Abbé refractometer was the first refractometer to be offered commercially (see refractometer history for more details). It's original design was so successful that even as of today it is over 153 years old, it is still used and copied in new devices.
Abbé refractometer working principle is based on critical angle. Sample is put between two prisms - measuring and illuminating. Light enters sample from the illuminating prism, gets refracted at critical angle at the bottom surface of measuring prism, and then the telescope is used to measure position of the border between bright and light areas. Telescope reverts the image, so the dark area is at the bottom, even if we expect it to be in the upper part of the field of view. Knowing the angle and refractive index of the measuring prism it is not difficult to calculate refractive index of the sample. Surface of the illuminating prism is matted, so that the light enters the sample at all possible angles, including those almost parallel to the surface. If you have seen our page on the critical angle refractometer, you already know that these rays are crucial for the working of the refractometer.
Abbé type crtitical angle refractometer.
While the image above already explains the basic principle, it is not yet a complete desing of the Abbé refractometer. Refractive index of a substance is a function of a wavelength. If the light source is not monochromatic (and in simple devices it rarely is) light gets dispersed and shadow boundary is not well defined, instead of seeing sharp edge between white and black, you will see a blurred blue or red border. In most cases that means measurements are either very inaccurate or even impossible.
To prevent dispersion Abbé added two compensating Amici prisms into his design. Not only telescope position can be changed to measure the angle, also position of Amici prisms can be adjusted, to correct the dispersion. In effect edge of the shadow is well defined and easy to locate.
Original design made use of two telescopes - one was used to locate shadow boundary, the other to read the result. Modern devices combine both views so that you can read the result immediately, without a need for checking the other view. Some specialized devices may have double scale - one can be used for reading refractive index, the other (situated below or above, and visible at the same time) can be scaled in degrees Brix or concentration of some substance.
Abbé refractometers come in many variants, that differ in details of their construction. In original design whole telescope was rotated around stationary sample and scale. In modern designs telescope position is fixed, what moves is an additional mirror between sample and telescope.
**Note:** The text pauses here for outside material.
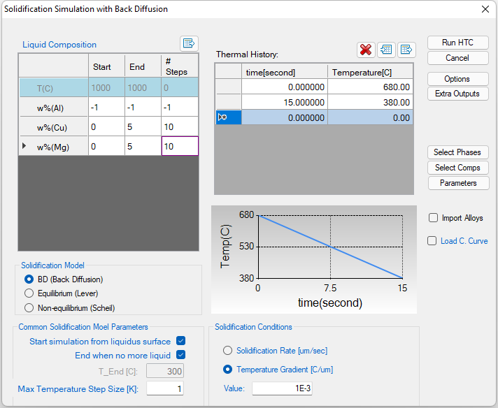 Figure 5.3.2: Dialog to setup compositional space and solidification conditions for HTC

Abbé refractometer can be used to measure both refractive index of liquids and solids. In both cases refractive index of the substance must be lower than the refractive index of the glass used to made measuring prism.
To use the refractometer we simply put the sample between illuminating and measuring prisms, use rotating knob to place the shadow boundary on the telescope cross hairs, and read the refractive index from the scale. Liquid samples must be non corrosive, to not damage surface of the prisms.
Abbé refractometers can give an accuracy of about one to two units in the fourth decimal place.
It is worth of noting here, that - as refractive index changes with temperature - for a correct result of refractive index measurement we have to either use thermostated sample, or - after measuring the refractive index - measure temperature and read correction from tables. Most laboratory models of Abbé refractometers are ready to be attached to the source of constant temperature water.
While correct name of the device is Abbé refractometer, device is commonly named Abbe refractometer in books and by producers.